___ Entries shown ___

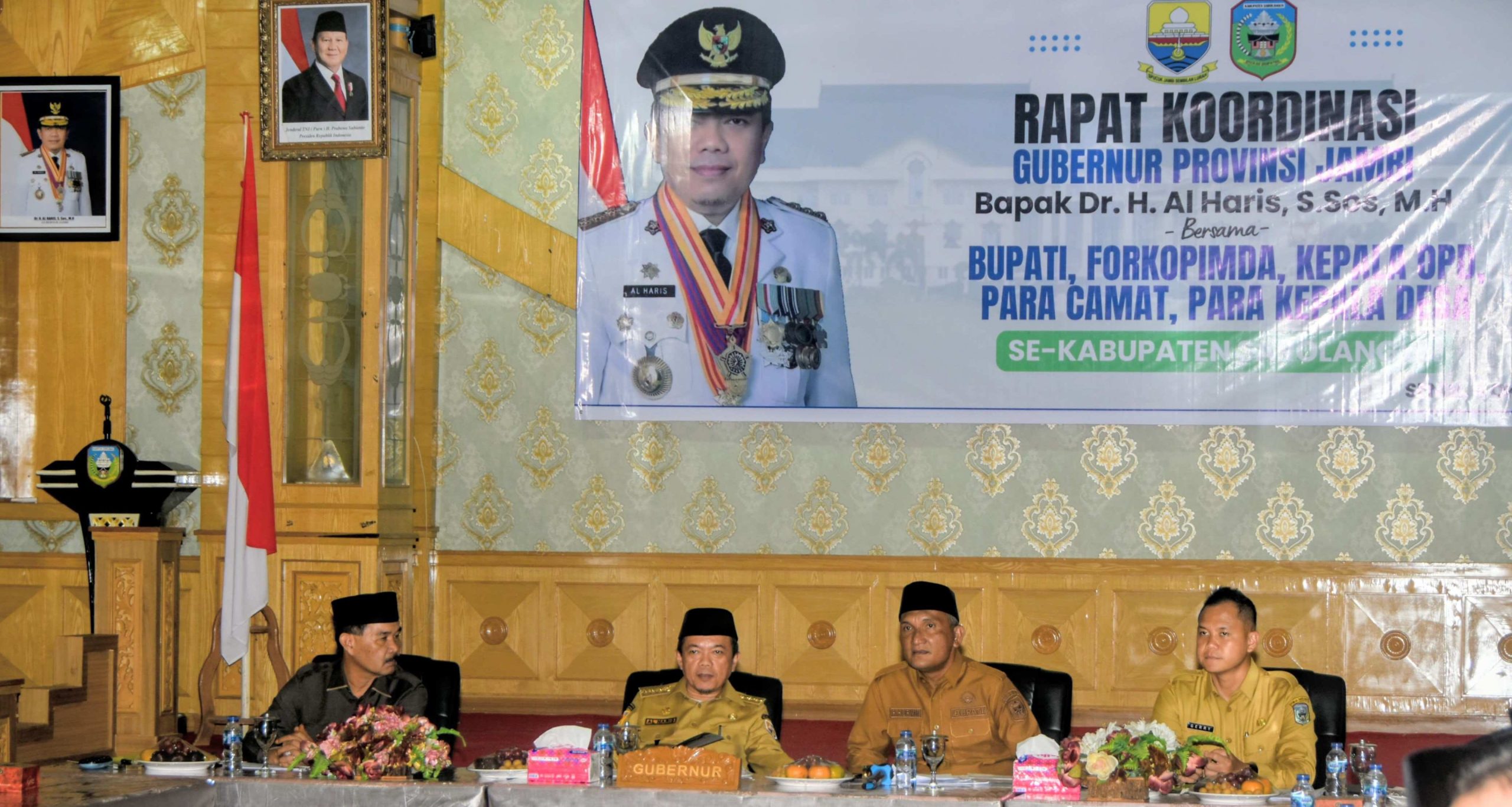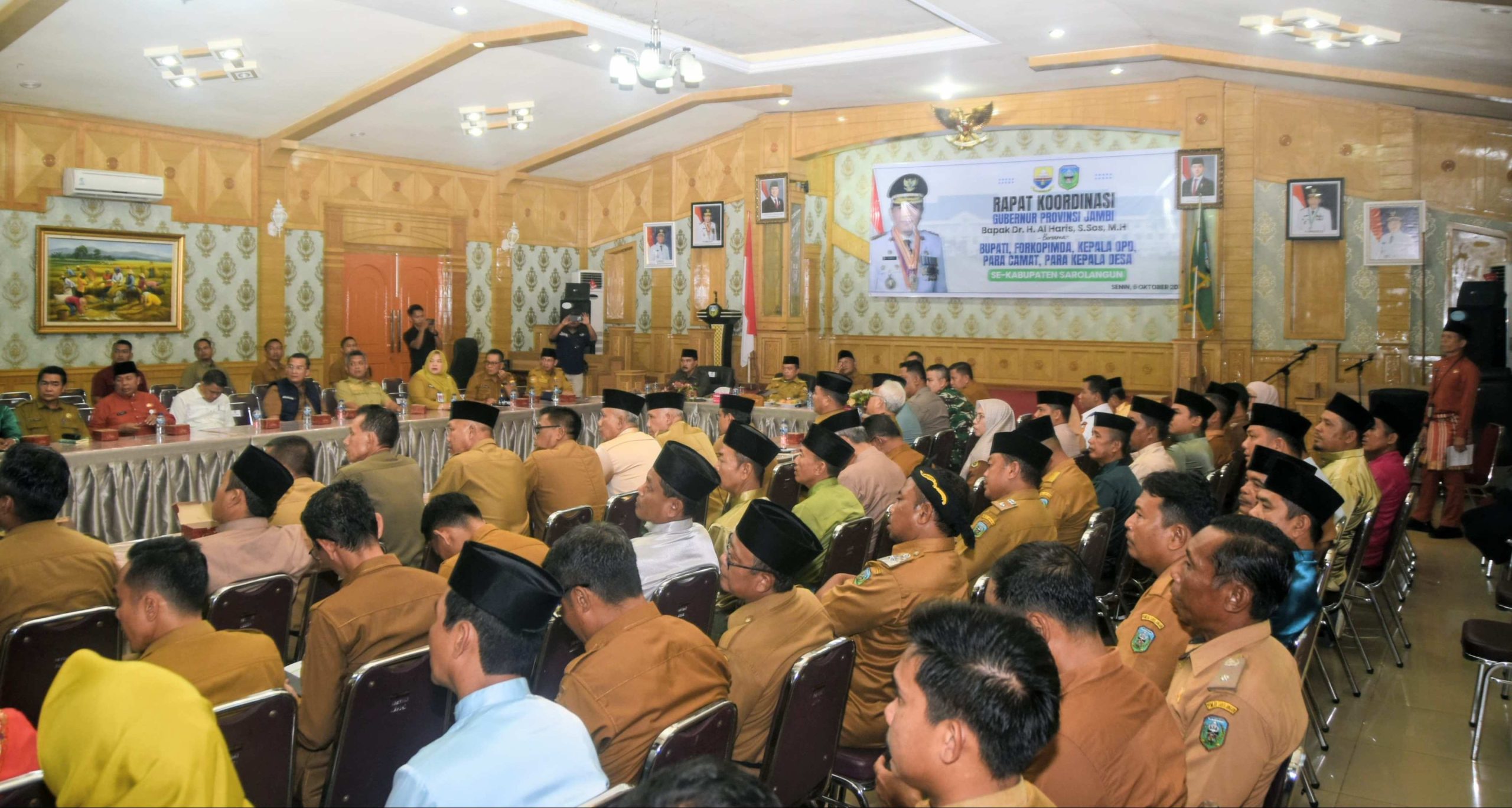 SAROLANGUN UPDATE – Pemerintah Kabupaten Sarolangun bersama Forkopimda, Para Camat dan Para Kepala Desa melaksanakan kegiatan Rapat Koordinasi Dengan Gubernur Jambi Dr H Al Haris, S.Sos, MH, dalam rangka membahas progres pelaksanaan program prioritas nasional dalam mendukung astacita Bapak Presiden dan Wakil Presiden Republik Indonesia Senin (06/10/2025) di Ruang Pola Kantor Bupati Sarolangun.
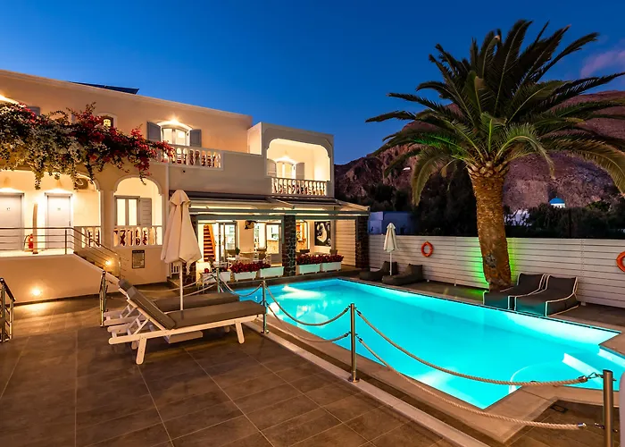 Localizado a 15 minutos de carro do Sítio Arqueológico de Akrotiri, o hotel de 4 estrelas fica a 8 minutos a pé do Parque Aquático de Santorini. A praia arenosa está a 30 metros de distância. As opções para o turismo cultural incluem Wine Museum Koutsoyannopoulos, a 6 km de distância. A paragem Bob's bar está localizada próximo do Stelios Place.
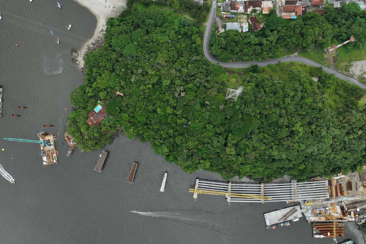Até o momento, 29 vigas longarinas, que são as estruturas horizontais que formam a base da ponte, já foram posicionadas sobre as travessas. Até o final de janeiro, a previsão é que 52 vigas estejam posicionadas na ponte. Além disso, mais da metade das 64 estacas previstas na obra já foi concretada.
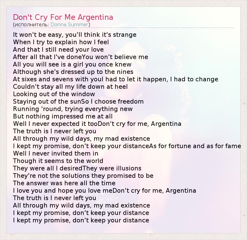 I love you and hope you love meDon't cry for me, Argentina
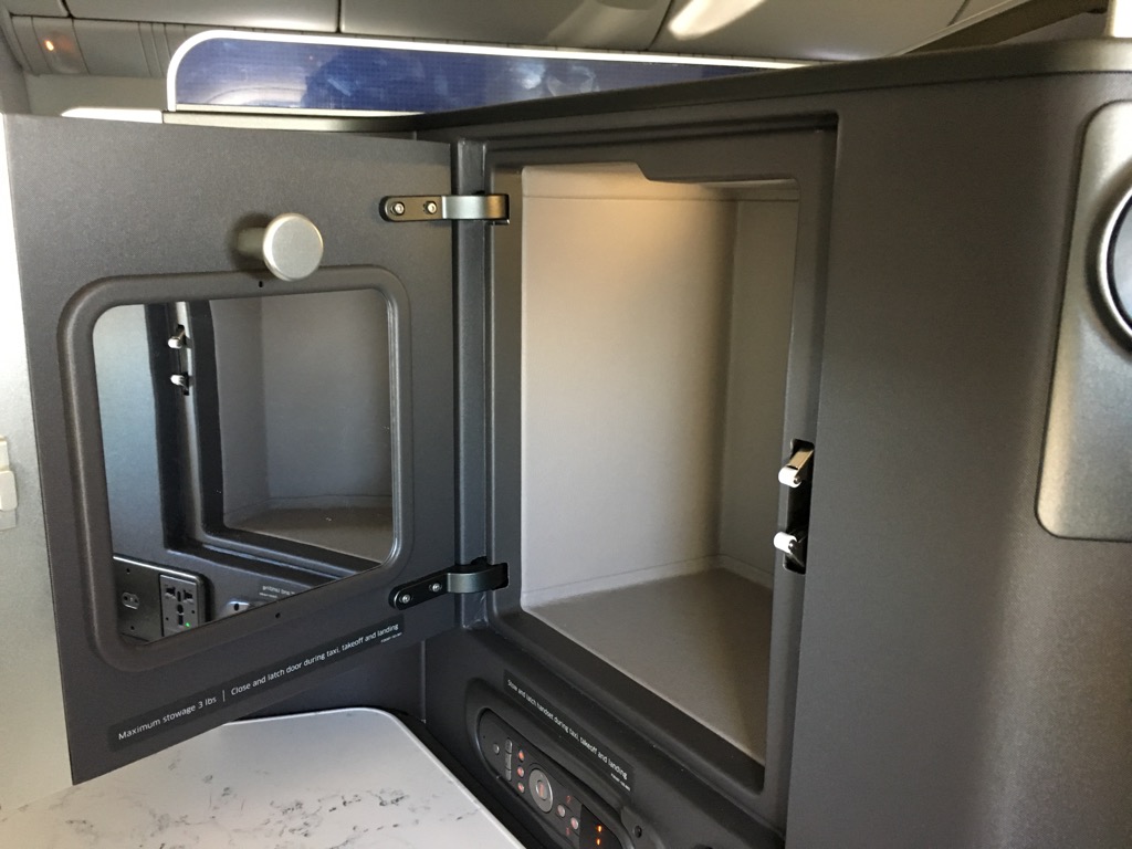 Was mir als erstes am United Polaris Business Class Sitz in der Boeing 777-300er sehr positiv aufgefallen ist, war der viele Stauraum. Unter dem Monitor, im Ablagefach neben dem Sitz oder unter der Armlehne ließ sich problemlos alles verstauen, was man während dem Flug bei sich hat.
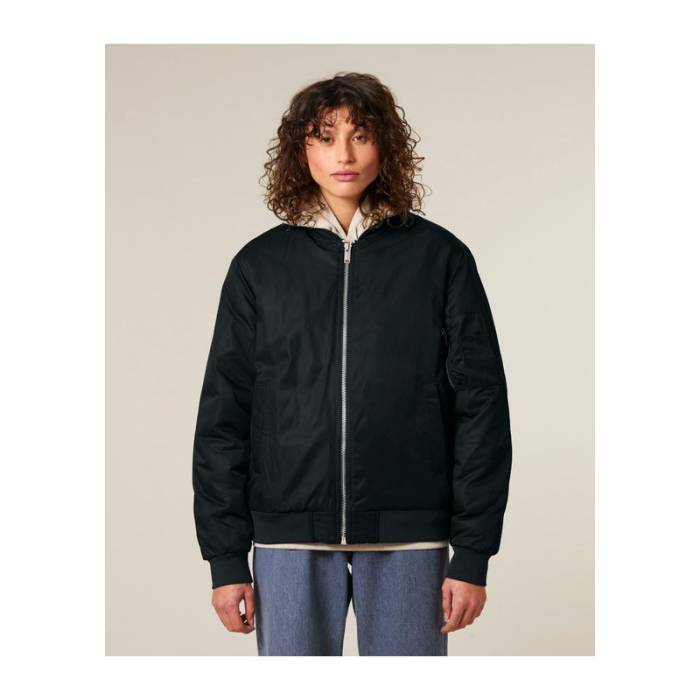 Ez a klasszikus uniszex bomber dzseki ötvözi a vintage stílust a modern eleganciával. 100%-ban újrahasznosított poliészterből készült.
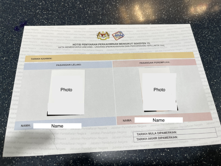 マレーシアでは書類提出日=結婚日とはならず、書類を全て提出後、21日間掲示板に2人の情報をのせ、結婚への反対者がいなければ無事に結婚の登録式?のようなものが行え、晴れて正式に結婚の成立となります。
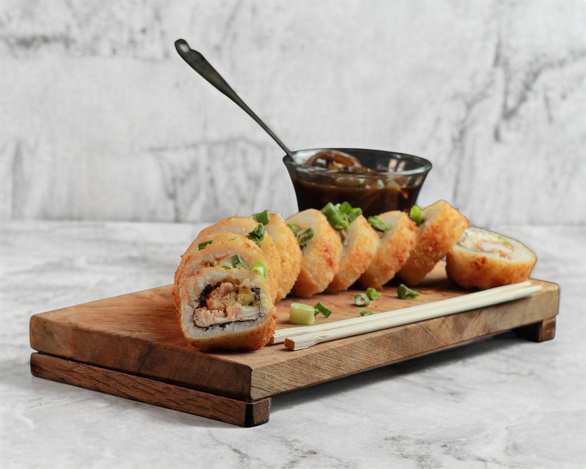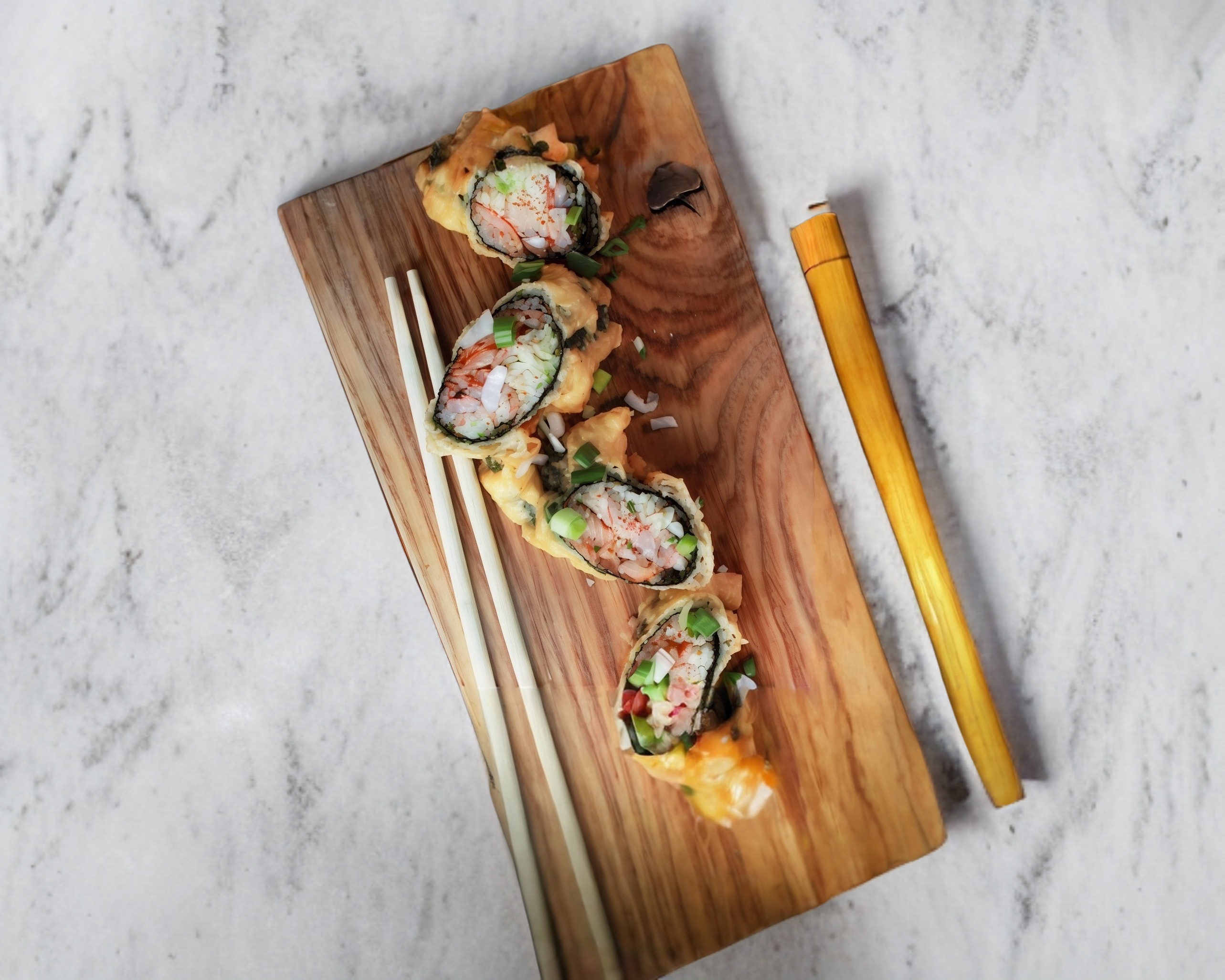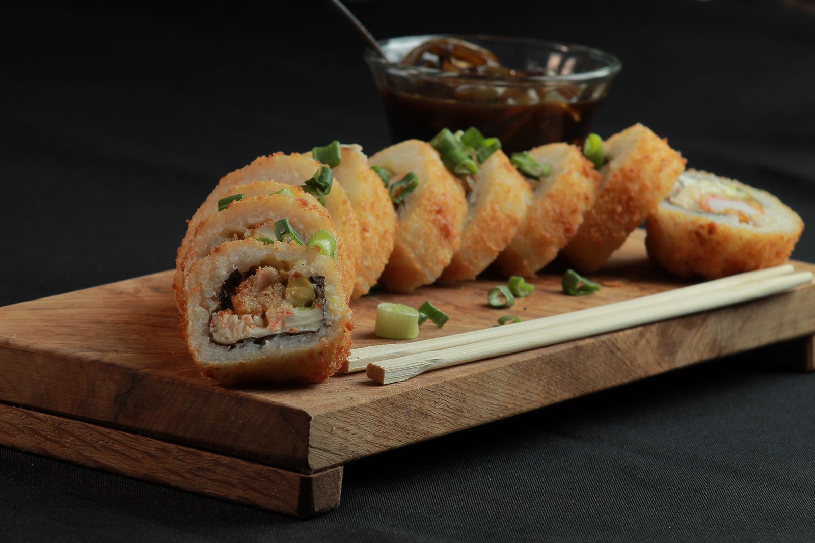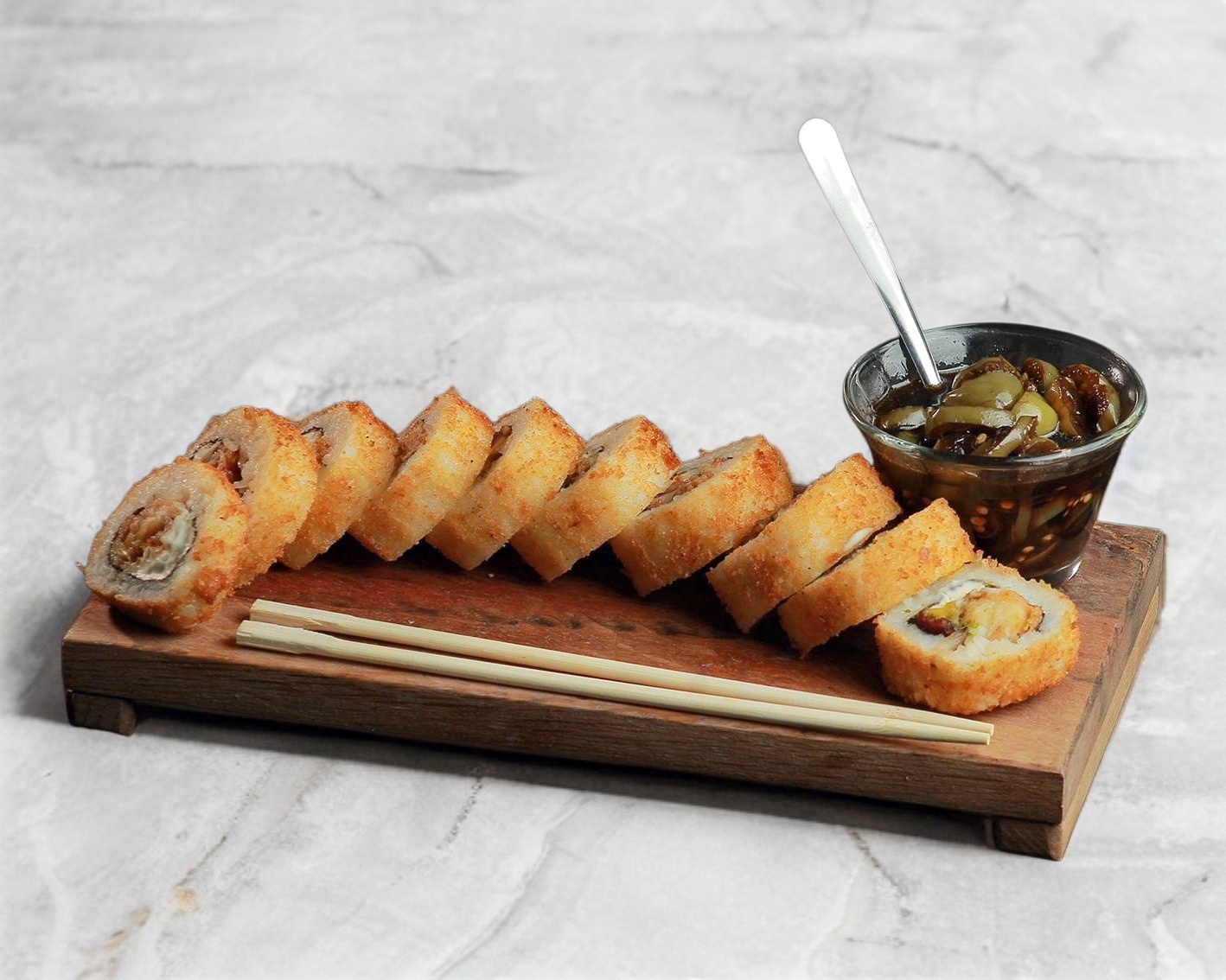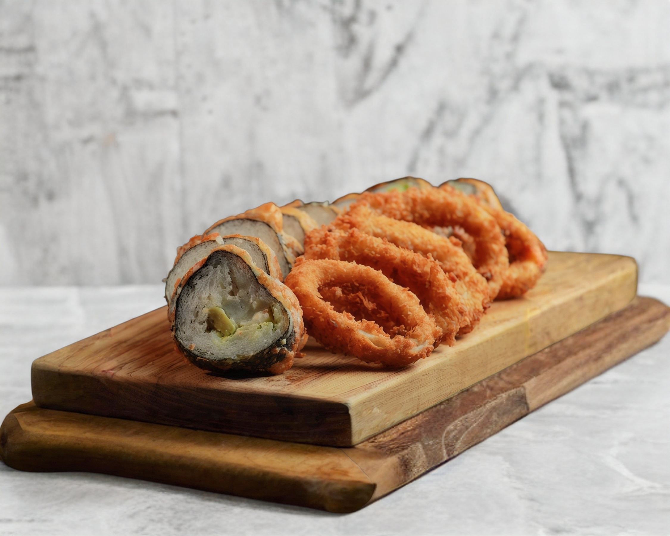 Surimi empanizado, queso crema, aguacate, pasta tampico y cebollín por dentro.

___

*Brief*: Above, find the line with "I love you and"; copy it and every line down to the line with "Ez a klasszikus", exactly and both included, but no pictures.

*Answer box*:
 I love you and hope you love meDon't cry for me, Argentina
 Was mir als erstes am United Polaris Business Class Sitz in der Boeing 777-300er sehr positiv aufgefallen ist, war der viele Stauraum. Unter dem Monitor, im Ablagefach neben dem Sitz oder unter der Armlehne ließ sich problemlos alles verstauen, was man während dem Flug bei sich hat.
 Ez a klasszikus uniszex bomber dzseki ötvözi a vintage stílust a modern eleganciával. 100%-ban újrahasznosított poliészterből készült.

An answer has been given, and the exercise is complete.